The incident exposed the need for a uniform approach to obscenity across all states, as the anti-censorship activists were now getting bolder with their approach. Amendments were made to the Customs Act to tighten up procedure, to close the loophole for local editions of banned works, and a new Board of Review was established to act as a higher review authority than customs officials, which was given the ability to exempt from restriction works that were of “literary, artistic or scientific merit.”[6] This flimsy strengthening of obscenity law was utterly undone however with the landmark High Court of Australia case Crowe v. Graham (1968), an appeal against a conviction of obscenity in relation to two self-published magazines. Despite upholding the obscenity convictions, Justice Windeyer overturned the Hicklin Test in Australia, specifically citing Roth v United States in his decision, and formulated a new Australian test for obscenity based on the Roth Test: whether the publication would offend the modesty of the average man or woman in sexual matters.[7] The shift was subtle at the time, but it had far-reaching implications for the Portnoy’s Complaint battle that was soon to come. Thereafter, a publication declared obscene only had to answer for an offence against broad “community standards” (a community acknowledged to have a “new frankness regarding matters of sex”[8]) not against the category of “those whose minds are open to such immoral influences”—that is, primarily young people whose minds were still being formed. The two magazines in question, Censor and Obscenity, were amateurish publications, designed to do little more than thumb disapproval at obscenity laws, and contained a hodgepodge of pornographic images and selections from banned literature. Existing sources are unclear on the identity of the culprits, but they are likely to be more members of the same Reich-influenced university milieu as OZ and the university press; OZ advertised for both magazines within its own pages.

American Hurrah

A performance of the play American Hurrah at a Sydney theater became the scene of another victory for the anti-censorship cause, where a complaint from a local grandmother, who mistakenly attended the performance with her grandchild, led to threats of legal action from deputy leader of the State Government, Eric Willis.

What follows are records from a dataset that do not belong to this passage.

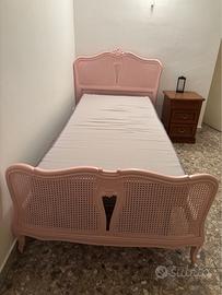 Letto singolo in legno verniciato rosa, munito di materasso mai usato. Ideale per la camera di una ragazza. Misure materasso: 90 x 200
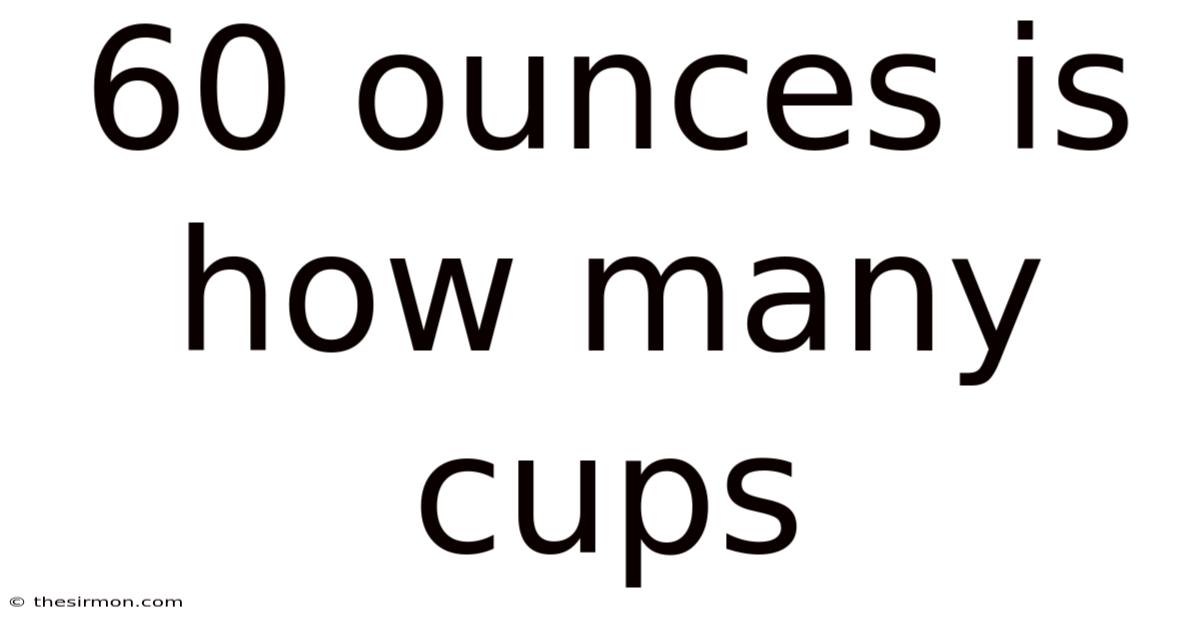 So, 60 ounces equals 7.5 cups. Basically, 60 ounces is the same as 7 full cups plus half a cup. In cooking terms, half a cup is equivalent to 4 ounces And that's really what it comes down to..
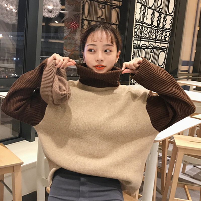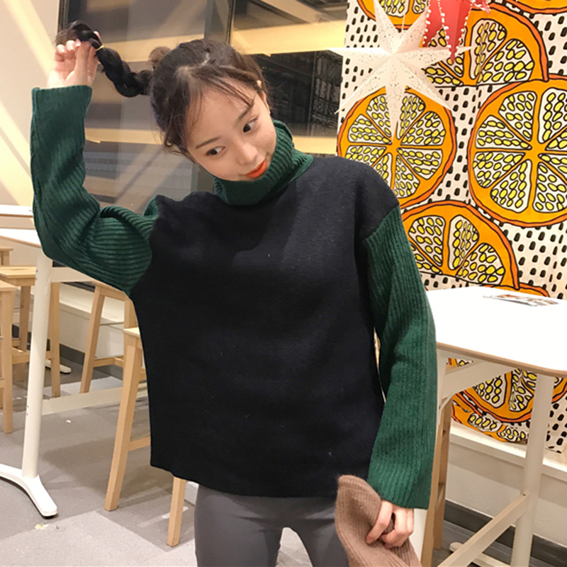 秋冬女裝2018新款韓版撞色高領套頭毛衣外套時尚百搭寬松針織衫潮
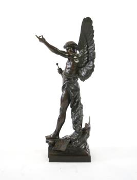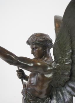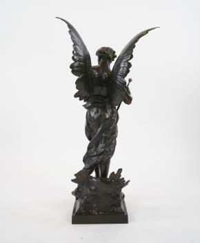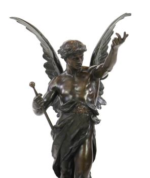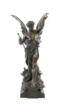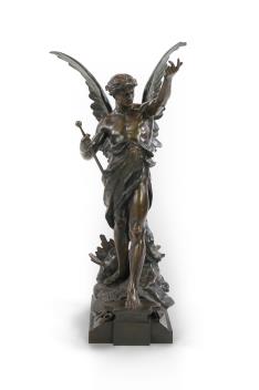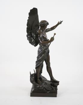 Émile Louis Picault (1833-1915). The Genius Of Work. A large bronze figure, modelled as young winged man holding a sceptre, an open book with geometrical patterns lies at his feet, the base inscribed “Sur le champ du labeur la victoire est féconde” (meaning: on the field of labour victory is fruitful) inscribed foundry mark ‘Susse Fres. Paris’ signed “E. PICAULT” foundry stamp Susse Frères et Éditeurs in Paris, 95.5cm high
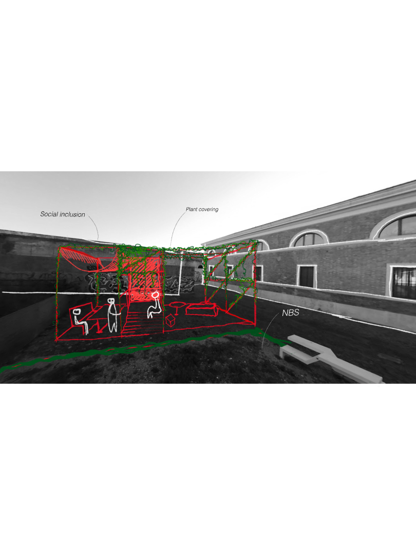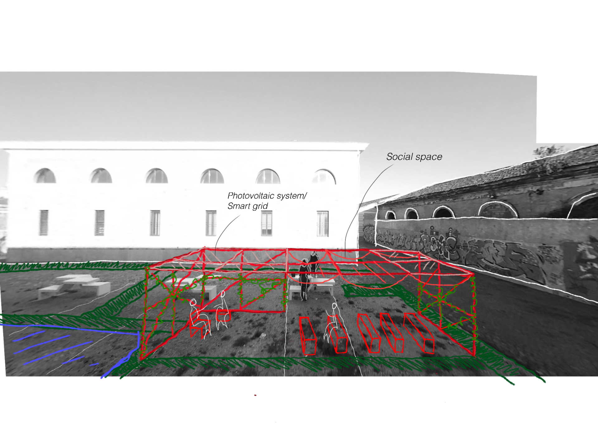 The idea is to create a socially inclusive multifunctional space that is also aesthetically pleasing and above all sustainable, using renewable energy sources and greenery as a connector space.

Her complaint was directed at a series of obscenities scrawled on the walls of the set during the third act of the play, a set piece intended by the playwright to shock the audience. Written by Jewish playwright Jean-Claude van Itallie, American Hurrah premiered in New York in 1966, directed by Jews Jacques Levy and Joseph Chaikin and critically explored the themes of consumerism and American involvement in the war in Vietnam. The play had gone largely unnoticed until the complaint, but the theater company agreed to remove the offending portions of the set from all performances henceforth. In response, a group of outraged intellectuals conspired to stage a free performance of the play with the offending set pieces included. Willis placed police into the audience, in order to shut down the free performance should they discover that the offending parts were included. The organizers, the “Friends of America Hurrah” which included Jews Cyril Pearl and Harry Seidler, watched on as the free performance degenerated into a pornographic spectacle:

“Two actors dressed as dolls simulated sex, wrecked the set, and drew on the walls the words fuck shit, and, a big cock up my juicy cunt. As police all over their theatre leapt to their feet, the actors jumped into the audience and made for the side doors.”[9]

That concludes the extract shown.